İnceleme-Araştırma

Filozof Ruhlu Şairlerin Şiiri: Rubaiye Dair-2

Önceki yazımızda rubai türünün biçim ve içerik özellikleri üzerinde durmuş ve Divan şiirinden rubai örnekleri vermiştik. Bu yazımızda rubainin modern şiirimizdeki seyrini örneklerle açıklamaya çalışacağız. Ancak öncelikle rubainin genel özelliklerini kısaca hatırlatalım:

Rubai biçim ve içerik bakımından belli kurallar çerçevesinde yazılması gereken bir nazım biçimidir. Rubai tek bir dörtlükten oluşan kısa ve özlü bir nazım biçimidir. Derin felsefi görüşleri, bir hayat felsefesini dört dizeye sığdırmaya çalışan yoğun anlatımlı bir şiirdir. Bu nedenle rubai şairi pek çok olmakla beraber kendine özgü bir hayat felsefesi olan filozof ruhlu şairler bu türde başarılı örnekler verebilmiştir.

İkinci olarak rubai yazabilmek için aruz ölçüsüne hakim olmak gerekir. Rubai sadece aruzun belli bir kalıbıyla- “Mef‘ûlü Mefâ‘ilün Mefâ‘îlün Fa‘”- kalıbıyla veya bu kalıbın ufak değişikliklerle elde edilen farklı biçimleriyle yazılabilir. Kafiye düzeni de genelde” a a x a” biçimindedir. Dört dizesi de kendi arasında kafiyeli rubai örnekleri de vardır.

Divan şirinde her nazım biçiminde örnekler vermek bir gelenek olduğundan hemen her şair bu türde şiirler yazmış olsa da daha çok kafası ve gönlü dolu, filozof ruhlu şairler kalıcı rubailer yazabilmiştir.
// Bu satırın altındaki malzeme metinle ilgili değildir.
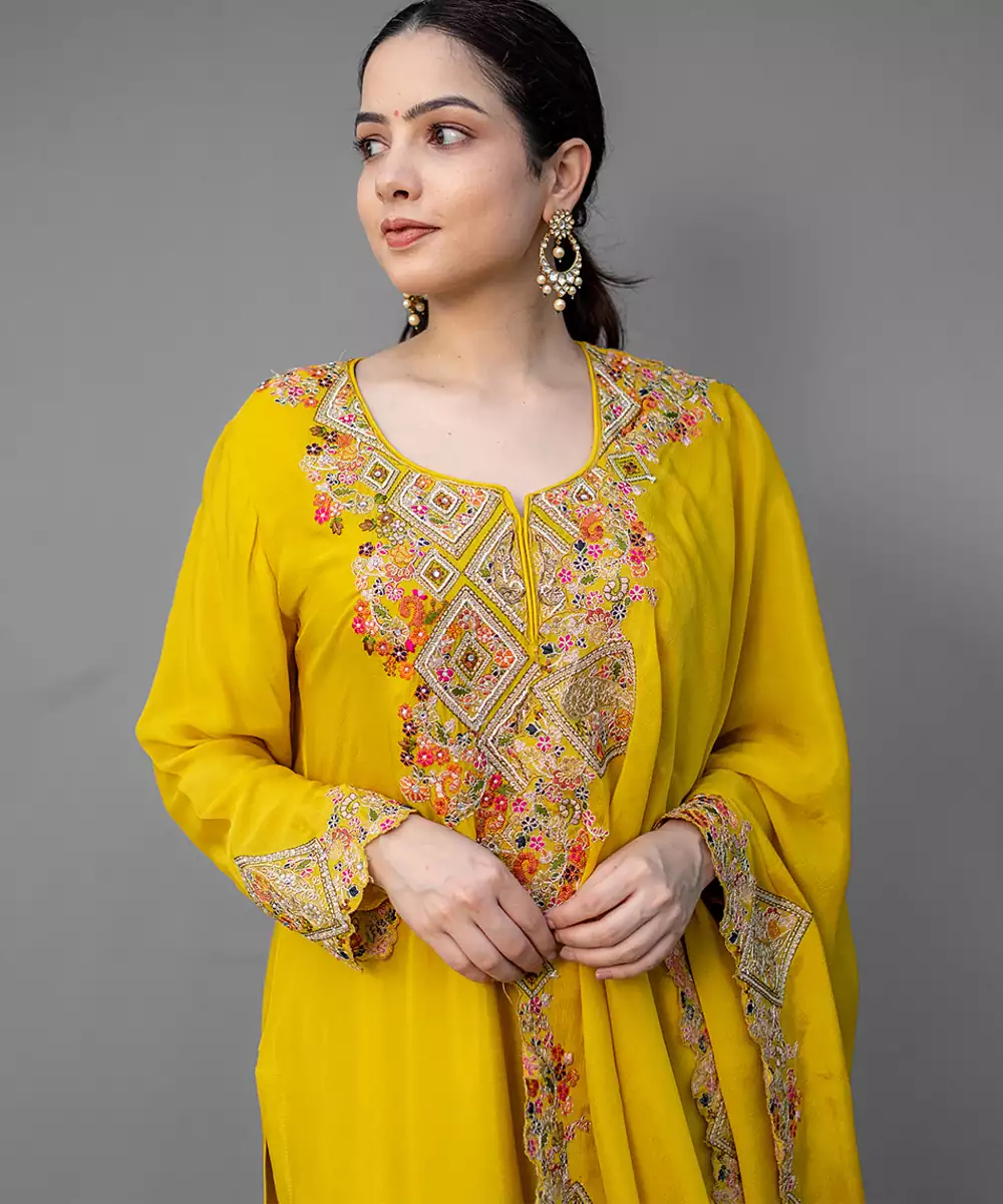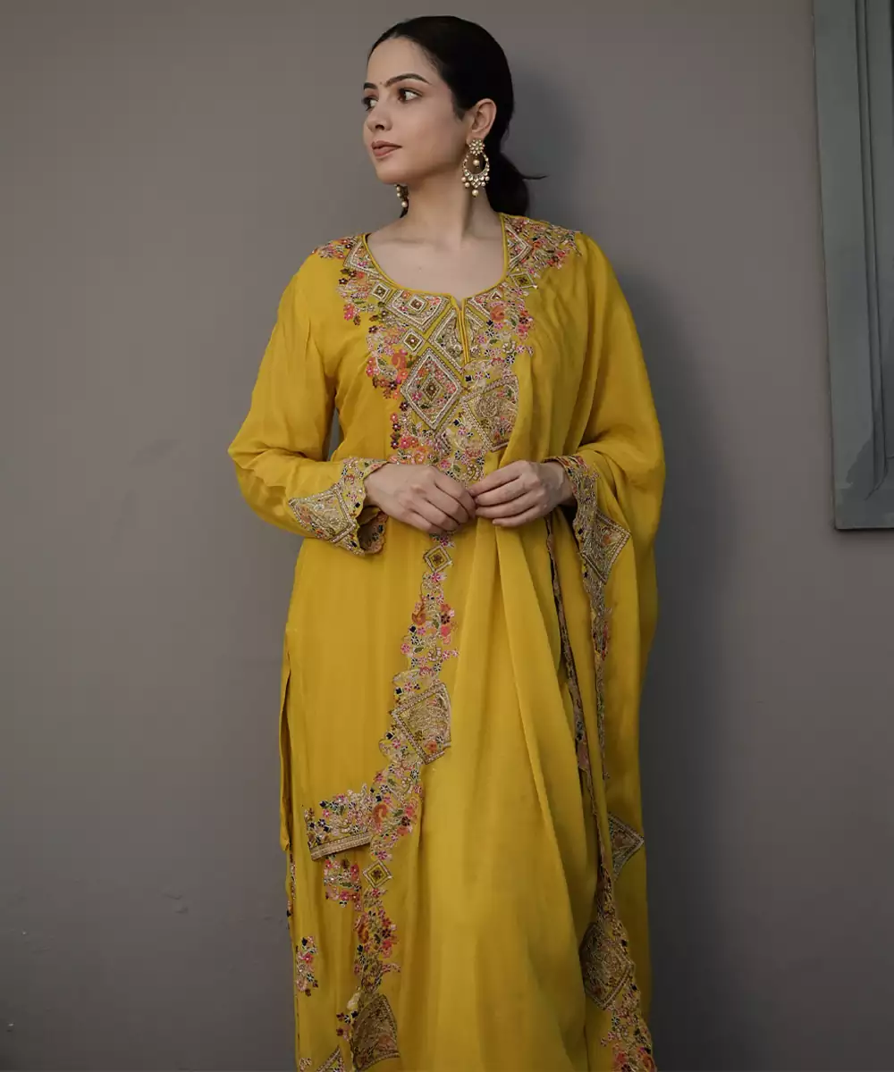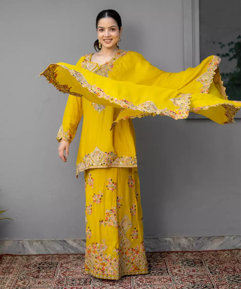 This Yellow Embroidered Chiffon Sharara Set Exudes Fresh Elegance And Festive Charm. Crafted From Lightweight Chiffon Fabric, It Features Intricate Embroidery That Adds A Graceful, Airy Touch. Perfect For Weddings And Celebrations, It Offers A Flowing Silhouette With Timeless Traditional Appeal.
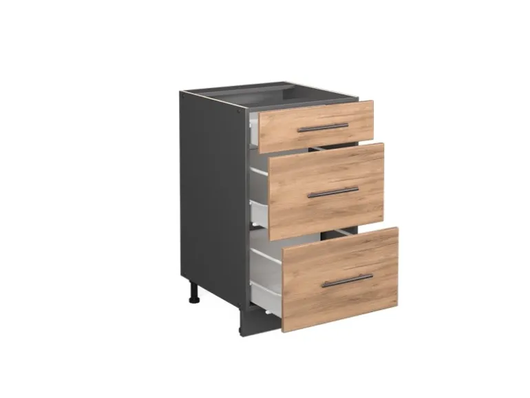 Der Schubladenunterschrank hat Breite 50 cm, Höhe 82 cm und Tiefe 51,6 cm
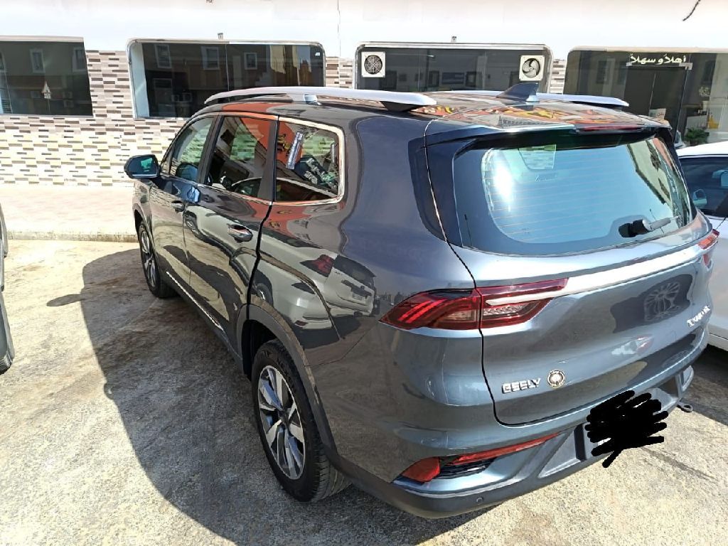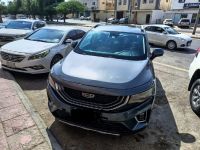 2022 Geely Okavango featuring a 1.5L turbocharged 3-cylinder gasoline engine with 190 horsepower and 255 Nm torque, equipped with a 7-speed automatic transmission and front-wheel drive. External features include LED headlights, panoramic sunroof, and rear sensors with camera. The interior contains a 12.3-inch touchscreen, leather seats, and dual-zone climate control.

Divan şiirinin edebiyatımızla bağını tümüyle koparmaya çalışan Tanzimat dönemi şairleri- Şinasi, Namık Kemal ve Ziya Paşa- şiirin içeriğini ve amacını tümüyle değiştirseler de Divan şiirinin dil anlayışına bağlı kaldılar ve şiirin biçimsel özelliklerinde önemli bir yenilik gerçekleştiremediler. Yine gazeller, kasideler, terkibi bentler ve murabbalar yazdılar ancak mesnevi ve rubai türlerine iltifat etmediler. Muallim Naci dışında İkinci Dönem Tanzimatçılar, Serveti Fünun ve Fecri Ati şairleri ise Divan şiirinin biçimsel özelliklerini tümüyle terk ettiler.
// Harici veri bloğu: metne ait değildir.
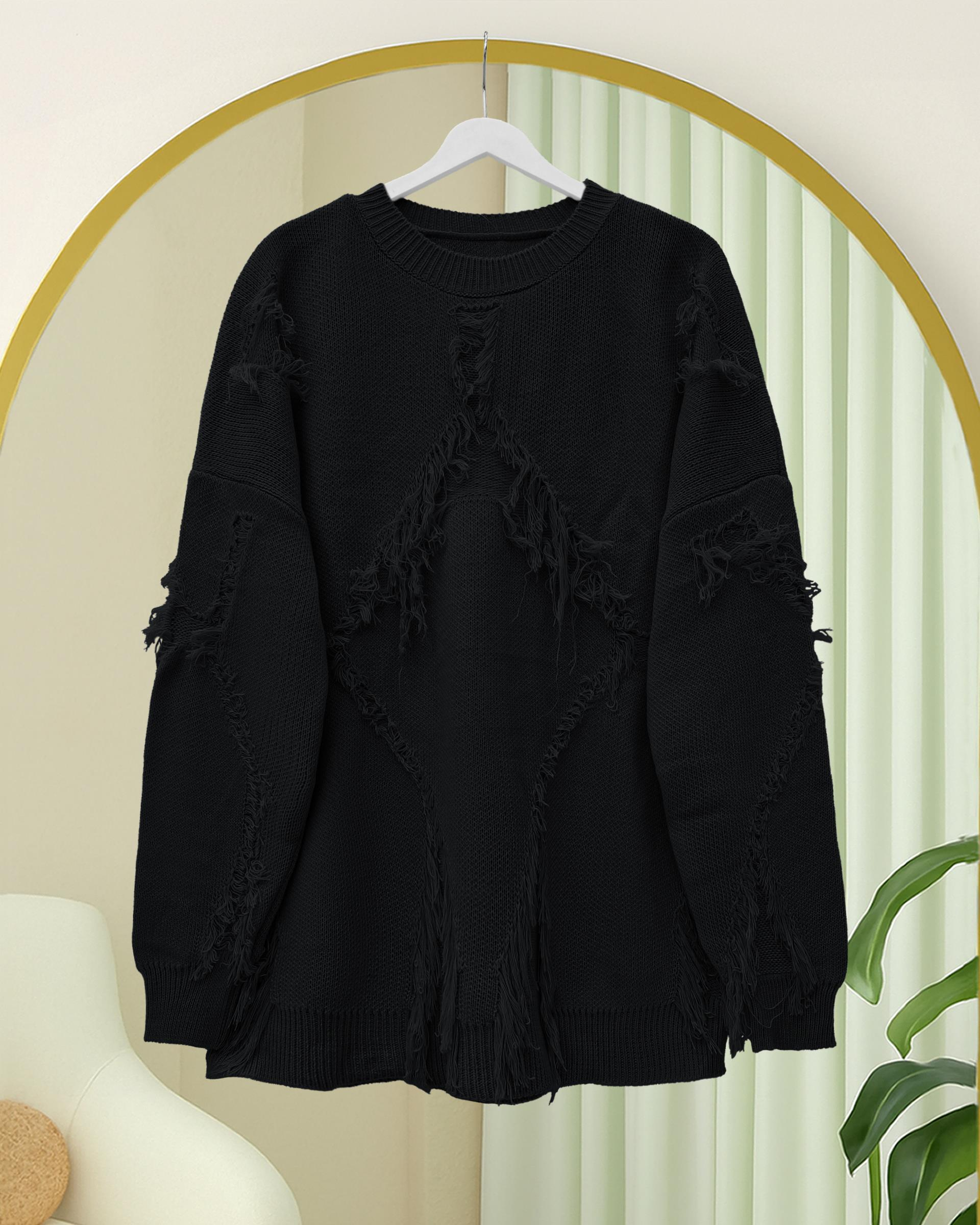 Yuvarlak Yaka Püskül Detaylı Triko Kazak -Siyah (385-3400-R01)
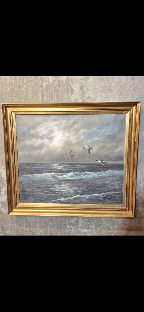 Maleri, sign. Havparti med fugle
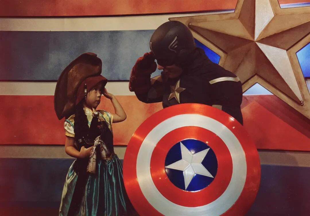 我的女儿超喜欢公主,但也钟情于很多影片中的配角,每次来乐园玩,至少要看两场冰雪奇缘欢唱盛会,有意思的是,后来我才知道,她是为了见驯鹿斯特。她也会突发奇想,直接穿着公主裙配上海盗船长的帽子,感觉自己酷到可以和美国队长交朋友。

Tanzimat edebiyatının ikinci neslinden olan Muallim Naci Divan edebiyatından böyle birdenbire kopulmasına ve tamamen inkâr edilmesine karşı olduğu için yeni tarz şiirler yanında Divan tarzında da şiirler, bu arada rubailer yazmaya devam etti:

Meyyâl-i hevâdır dil-i bî temkînim
İsyân ile iştigâldir âyînim
Nâci yine etmekteyim ümmid-i necât
Ben bende-i dergâh-ı Celaleddin’im
Muallim Naci

Cumhuriyet döneminde aruzun başarılı örneklerini veren Mehmet Akif ve Faruk Nafiz’in rubai yerine benzer bir nazım biçimi olan kıt’a yazmayı tercih ettiklerini görüyoruz:

Geçmişten adam hisse kabarmış ne masal şey!
Beş yüz senelik kıssa yarım hisse mi verdi?
Tarihi tekerrür diye tarif ediyorlar
Hiç ibret alınsaydı tekerrür mü ederdi?

Mehmet Akif’in bu şiirinde de görülüyor ki kıt’anın kafiye düzeni rubaiden farklıdır. Aruzun her kalıbıyla yazılabilir olması ve konu çeşitliliği, bir bilhassa hiciv yazmaya elverişli oluşu kıt’anın daha çok tercih edilmesinin nedenleri olabilir. Bir diğer farklılık da günümüzde kıt’a terimini dörtlük anlamına kullansak da kıt’anın nazım birimi dörtlük değil beyittir. Genelde iki beyitten oluşur, istenirse beyit sayısı artırılabilir.

Faruk Nafiz de Yassıada da yazdığı kıt’alarını “Zindan Duvarları” isimli bir kitapta toplamış:
Her gaza güttüğü davadan alır kıymetini
Rengi değişmez ne kadar ak demiş olsak karaya
Yıldırım düştüğü taş zindana devlet götürür
Ve Timur sıklet olur girdiğime mermer saraya

Rubai yazma geleneğini canlandıran şair, Yahya Kemal olmuştur. Rind meşreb bir şair olan Yahya Kemal, rubai türünü kendi dünya görüşünün ifadesine en elverişli bir biçim olarak görmüş, bu türün edebiyatımızda biçim ve içerik olarak en yetkin örneklerini vermekle kalmamış Dünya çapında ünlü İranlı şair Ömer Hayyam’ın rubailerini de rubai türünün kurallarına bağlı kalarak Türkçeleştirmiştir.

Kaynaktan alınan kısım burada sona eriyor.